I totally agree with Gingersmom. I wouldn't have let this little one go home  I love chocolates & that pup looks cute enough to eat 

None of mine have bonded more with each other than their human family, they would all rather sit with one of us at the end of the day than cuddle with each other. 

Bella still has a few rumblings at the others as if she wishes she was an only fur child, but hey my oldest daughter feels that way about her siblings too lol!


----------



## rudy's gal (May 8, 2011)

Another vid, ignore my annoying voice lol


----------



## Gingersmom (Mar 12, 2009)

ummmm...and is this your way of saying...Here's Tinkerbella... our newest chi?


----------



## Clementine (Jun 28, 2011)

Definitely, so glad to meet the newest member of your pack  I do agree that little Tinkerbell is the most adorable and so sweet. My Chi bonded to our boxer mix, but she adores my husband and I. Two dogs just complete our life. I love Jade with all my heart and Ein just brings a joy and exuberance that completes our family. She also has Jade to get out some of her puppy crazy, which we LOVE. 
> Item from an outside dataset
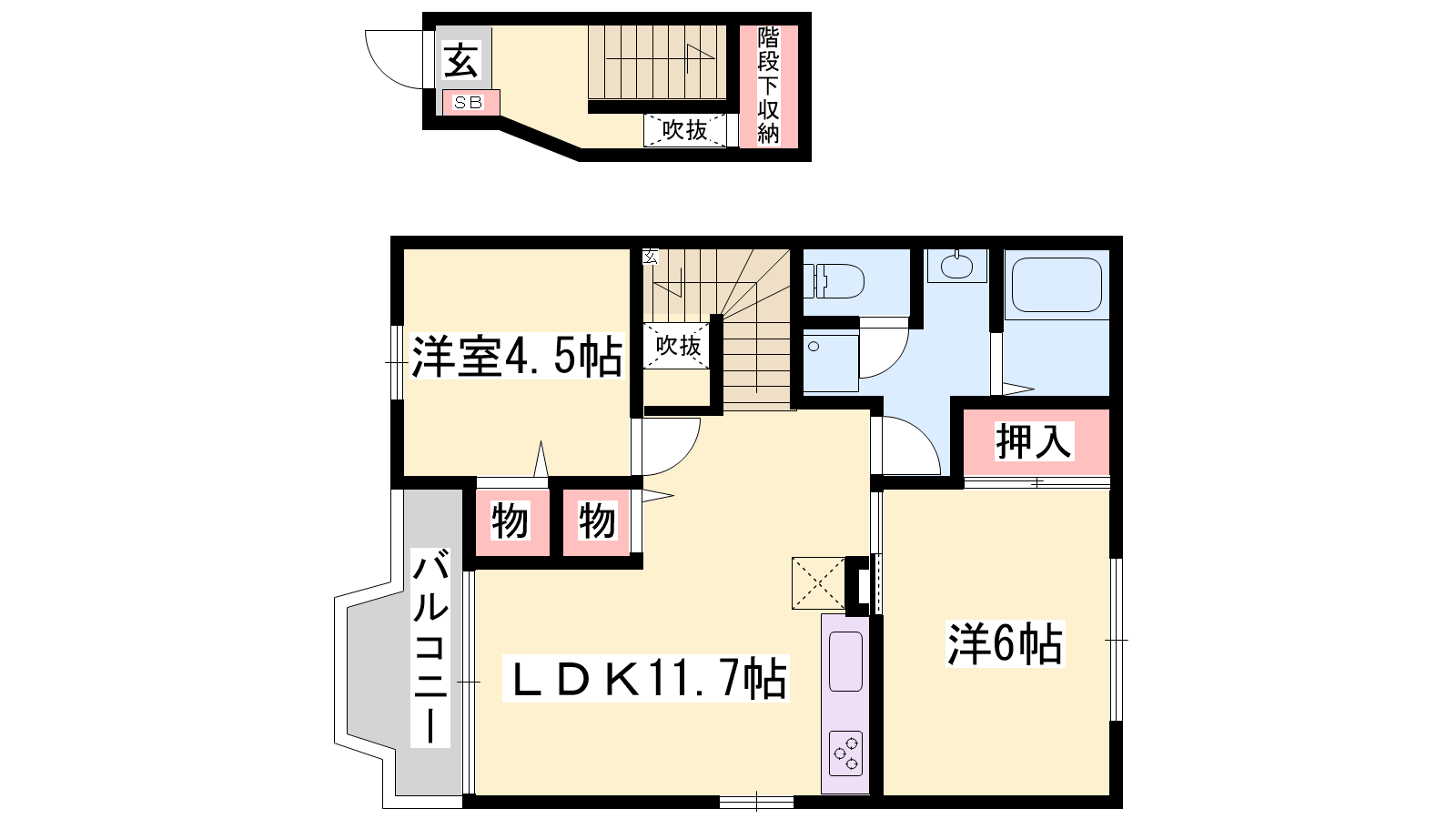 - LDK11.7帖、洋室4.5帖、洋室6帖

From the way Rudy interacted with the puppies, I think he and Tinkerbell will get along great. Good for you for staying away from the adorable little stand-offish girl. That WOULD cause problems, but Tink looks very sweet and friendly.


----------



## svdreamer (Feb 20, 2010)

rudy's gal said:


> I will say I think a lot of my worry comes from here:
> 
> My family and I had a schipperke named Boo for many years growing up, and when she was 7 we introduced a rescue silky terrier into the mix (2 years old) and they fought constantly. It was awful.
> 
> I just don't want that to happen again  I know it's different with a puppy but still.


A schipperke is a very scrappy dog, territorial and ready to fight. And a terrier is, well, a terrier, another breed that is willing to fight. Chis love to be in a pack with other chis. I have living proof of that. 6 males, 5 females and they get all along great.


----------